* _Exercise_:
Below are records with pictures in them. Output exactly the lines from the one with "Ashley Stewart Women’s" through the one with "쌍용자동차가 글로벌 쇼핑관광축제인", both included, and leave every picture out; give only those lines.

* _Task inputs_:
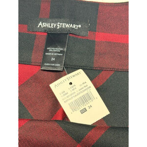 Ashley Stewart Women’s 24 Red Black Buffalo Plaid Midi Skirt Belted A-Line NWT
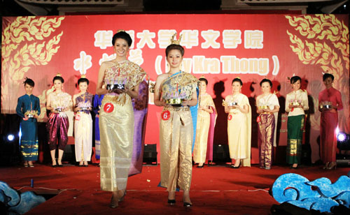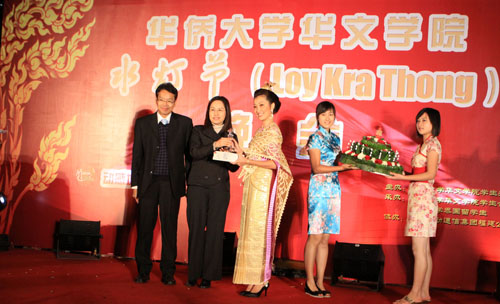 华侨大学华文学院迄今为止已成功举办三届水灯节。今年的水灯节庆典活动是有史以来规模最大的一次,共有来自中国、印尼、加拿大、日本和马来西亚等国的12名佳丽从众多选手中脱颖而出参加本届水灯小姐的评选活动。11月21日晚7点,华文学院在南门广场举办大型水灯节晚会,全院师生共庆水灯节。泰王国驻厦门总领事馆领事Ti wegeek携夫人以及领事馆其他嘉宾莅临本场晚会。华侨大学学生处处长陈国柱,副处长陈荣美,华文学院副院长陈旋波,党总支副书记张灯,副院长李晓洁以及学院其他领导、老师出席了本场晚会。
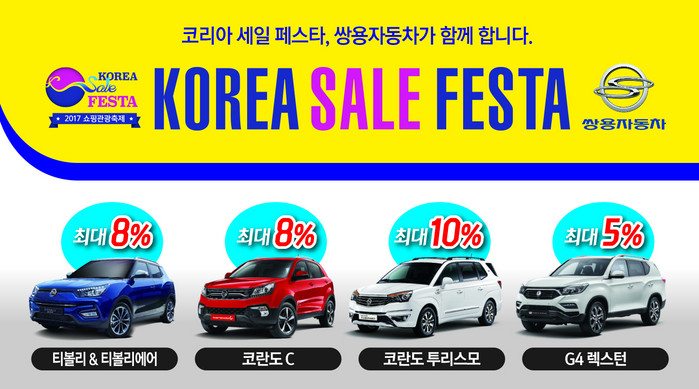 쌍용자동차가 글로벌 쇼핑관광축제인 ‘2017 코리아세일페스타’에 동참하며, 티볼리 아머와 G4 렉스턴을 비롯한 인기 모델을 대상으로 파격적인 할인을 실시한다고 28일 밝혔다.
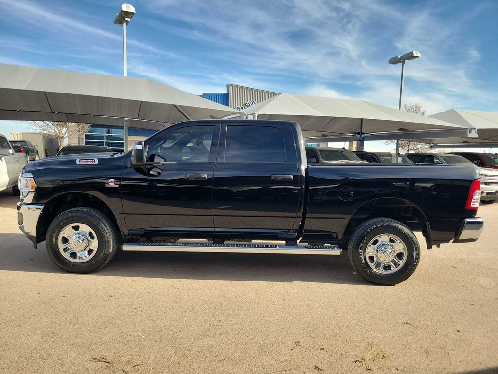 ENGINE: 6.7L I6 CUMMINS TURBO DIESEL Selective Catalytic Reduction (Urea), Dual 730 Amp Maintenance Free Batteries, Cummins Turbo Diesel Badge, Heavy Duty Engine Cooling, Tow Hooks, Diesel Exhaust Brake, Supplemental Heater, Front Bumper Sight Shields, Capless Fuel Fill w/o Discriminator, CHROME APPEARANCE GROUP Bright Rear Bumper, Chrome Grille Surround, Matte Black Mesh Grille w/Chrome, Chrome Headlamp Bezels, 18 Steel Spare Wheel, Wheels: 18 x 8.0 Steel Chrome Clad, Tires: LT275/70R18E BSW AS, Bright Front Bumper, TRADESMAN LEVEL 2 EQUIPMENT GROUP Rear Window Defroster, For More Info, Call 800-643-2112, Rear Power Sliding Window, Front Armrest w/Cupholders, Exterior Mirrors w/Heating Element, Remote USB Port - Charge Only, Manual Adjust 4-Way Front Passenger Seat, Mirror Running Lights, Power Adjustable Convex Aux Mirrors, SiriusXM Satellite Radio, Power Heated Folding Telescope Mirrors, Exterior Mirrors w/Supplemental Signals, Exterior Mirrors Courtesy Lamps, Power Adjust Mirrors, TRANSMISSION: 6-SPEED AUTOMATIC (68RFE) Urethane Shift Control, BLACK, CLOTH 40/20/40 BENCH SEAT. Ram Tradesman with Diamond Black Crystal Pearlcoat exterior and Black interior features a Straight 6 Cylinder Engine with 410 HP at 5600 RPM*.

==

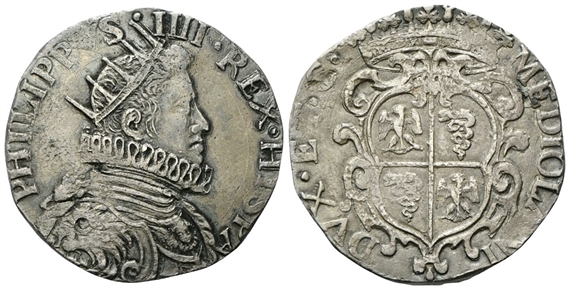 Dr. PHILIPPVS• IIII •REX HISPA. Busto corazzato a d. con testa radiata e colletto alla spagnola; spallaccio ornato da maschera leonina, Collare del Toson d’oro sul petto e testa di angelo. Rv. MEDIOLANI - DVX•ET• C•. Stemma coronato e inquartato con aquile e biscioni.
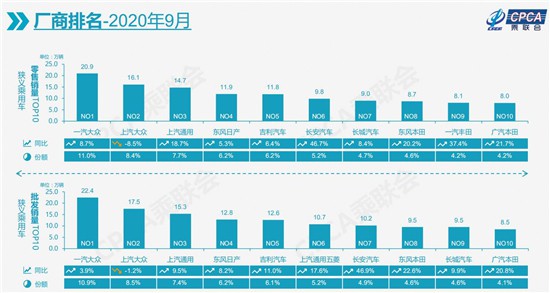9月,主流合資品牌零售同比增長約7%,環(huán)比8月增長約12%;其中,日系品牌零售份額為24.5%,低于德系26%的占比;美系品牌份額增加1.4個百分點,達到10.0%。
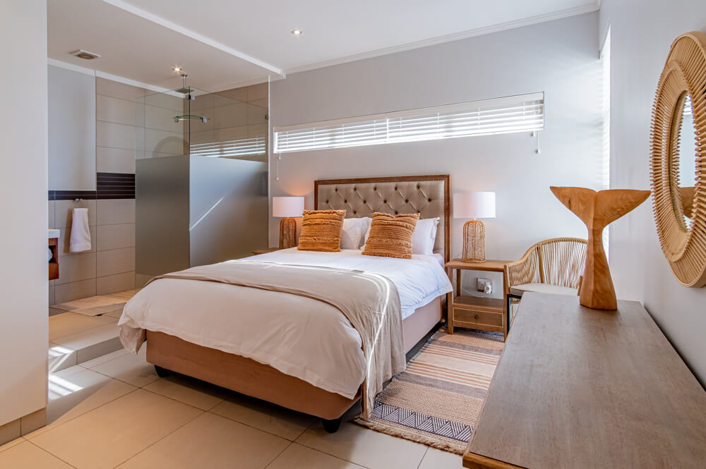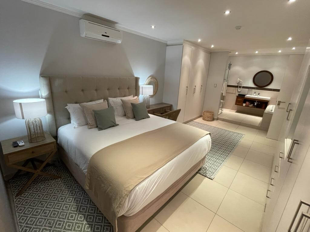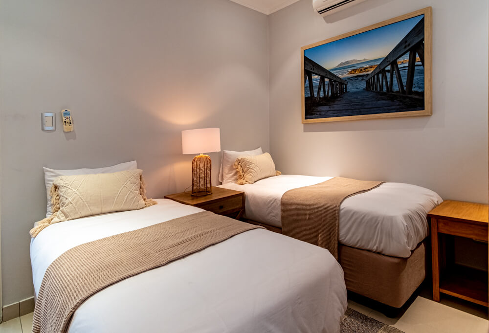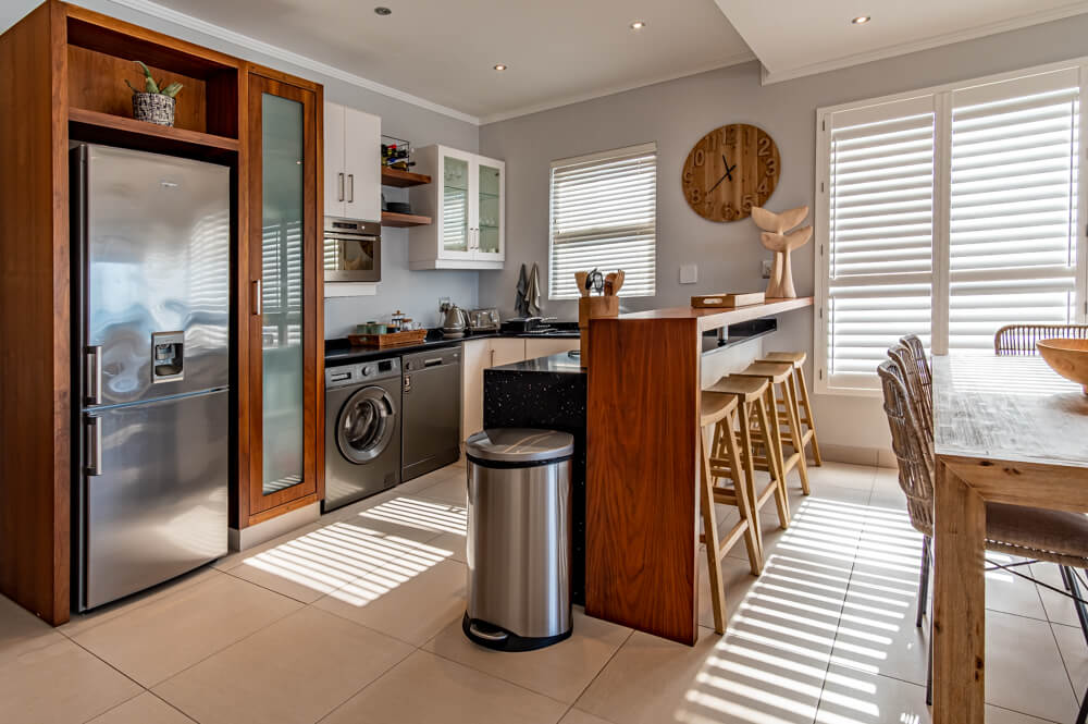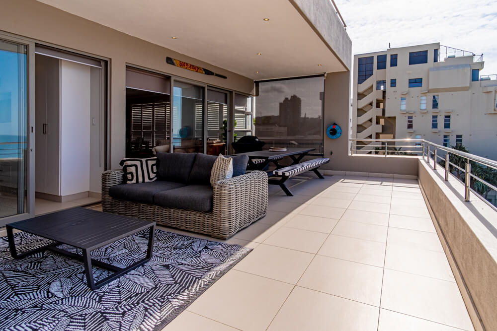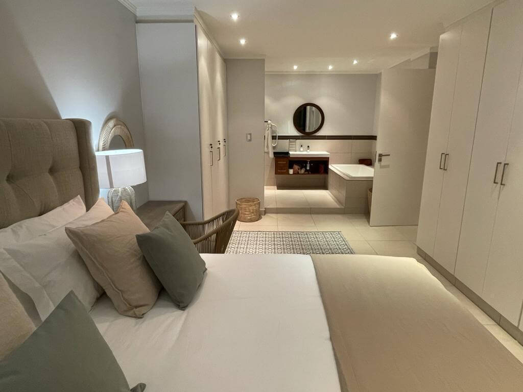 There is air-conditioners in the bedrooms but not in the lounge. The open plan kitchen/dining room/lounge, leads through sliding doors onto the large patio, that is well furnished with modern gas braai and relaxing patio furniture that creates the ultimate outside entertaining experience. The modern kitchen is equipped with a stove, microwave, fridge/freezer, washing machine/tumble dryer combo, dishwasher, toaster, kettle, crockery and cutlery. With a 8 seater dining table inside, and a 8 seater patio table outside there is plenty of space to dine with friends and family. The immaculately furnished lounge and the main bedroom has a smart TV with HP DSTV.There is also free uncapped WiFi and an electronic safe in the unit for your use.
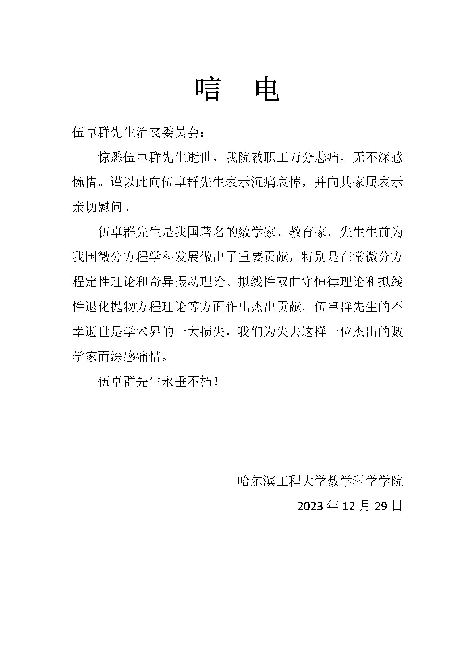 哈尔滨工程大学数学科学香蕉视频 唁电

==

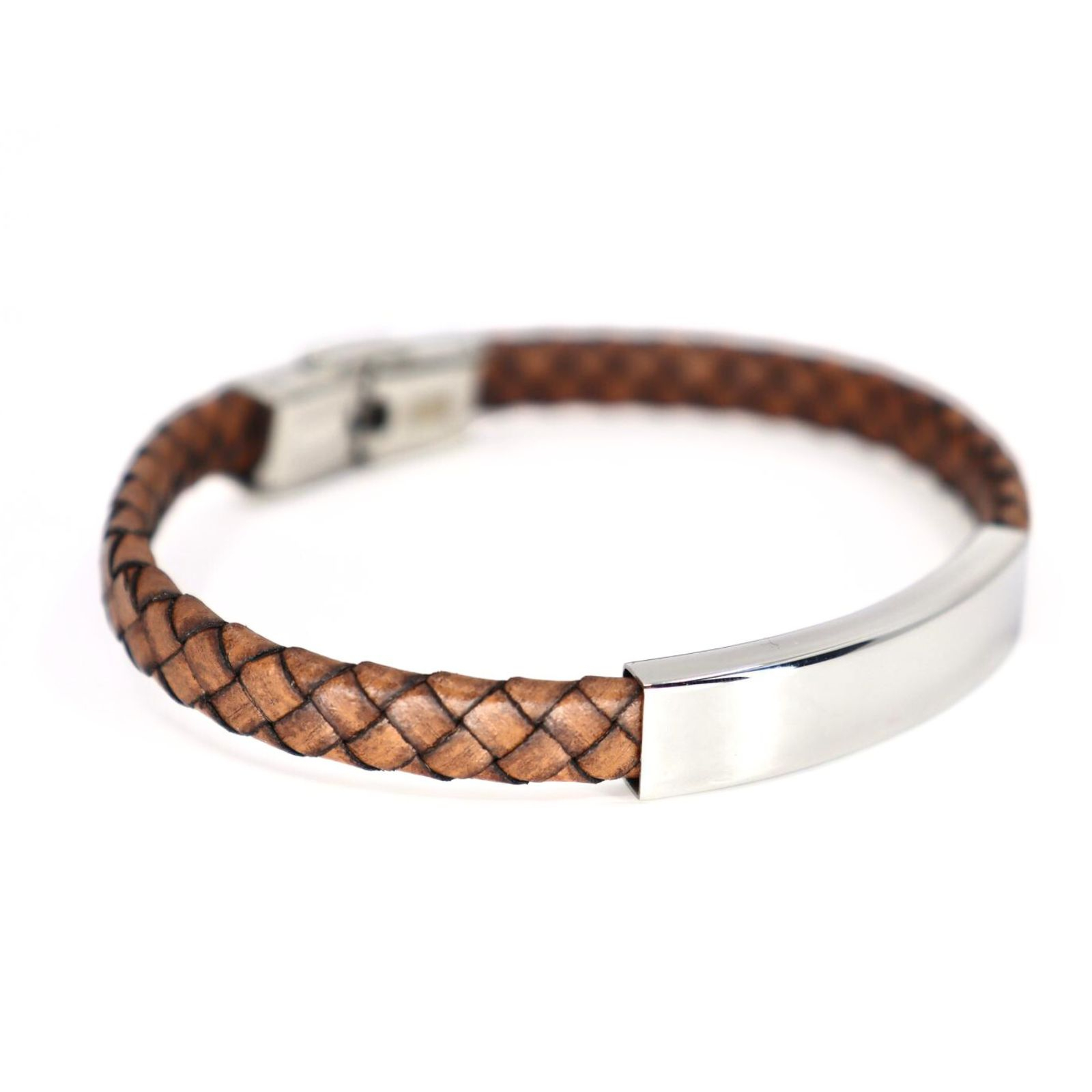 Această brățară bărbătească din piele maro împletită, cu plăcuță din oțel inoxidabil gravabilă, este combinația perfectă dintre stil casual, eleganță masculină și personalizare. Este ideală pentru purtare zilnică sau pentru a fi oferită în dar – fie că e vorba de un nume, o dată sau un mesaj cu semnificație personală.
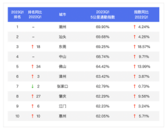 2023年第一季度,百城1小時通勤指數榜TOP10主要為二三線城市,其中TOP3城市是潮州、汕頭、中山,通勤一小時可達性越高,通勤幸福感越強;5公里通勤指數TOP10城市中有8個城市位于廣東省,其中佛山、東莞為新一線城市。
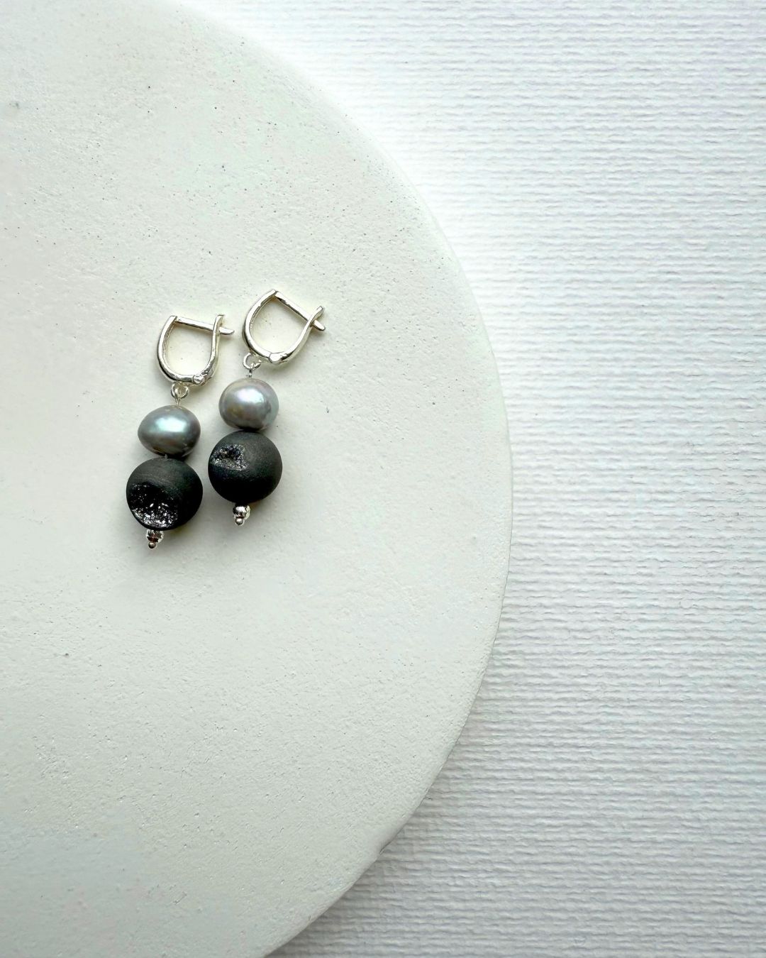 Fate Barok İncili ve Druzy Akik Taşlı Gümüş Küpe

* _Your solution_:
 Ashley Stewart Women’s 24 Red Black Buffalo Plaid Midi Skirt Belted A-Line NWT
 华侨大学华文学院迄今为止已成功举办三届水灯节。今年的水灯节庆典活动是有史以来规模最大的一次,共有来自中国、印尼、加拿大、日本和马来西亚等国的12名佳丽从众多选手中脱颖而出参加本届水灯小姐的评选活动。11月21日晚7点,华文学院在南门广场举办大型水灯节晚会,全院师生共庆水灯节。泰王国驻厦门总领事馆领事Ti wegeek携夫人以及领事馆其他嘉宾莅临本场晚会。华侨大学学生处处长陈国柱,副处长陈荣美,华文学院副院长陈旋波,党总支副书记张灯,副院长李晓洁以及学院其他领导、老师出席了本场晚会。
 쌍용자동차가 글로벌 쇼핑관광축제인 ‘2017 코리아세일페스타’에 동참하며, 티볼리 아머와 G4 렉스턴을 비롯한 인기 모델을 대상으로 파격적인 할인을 실시한다고 28일 밝혔다.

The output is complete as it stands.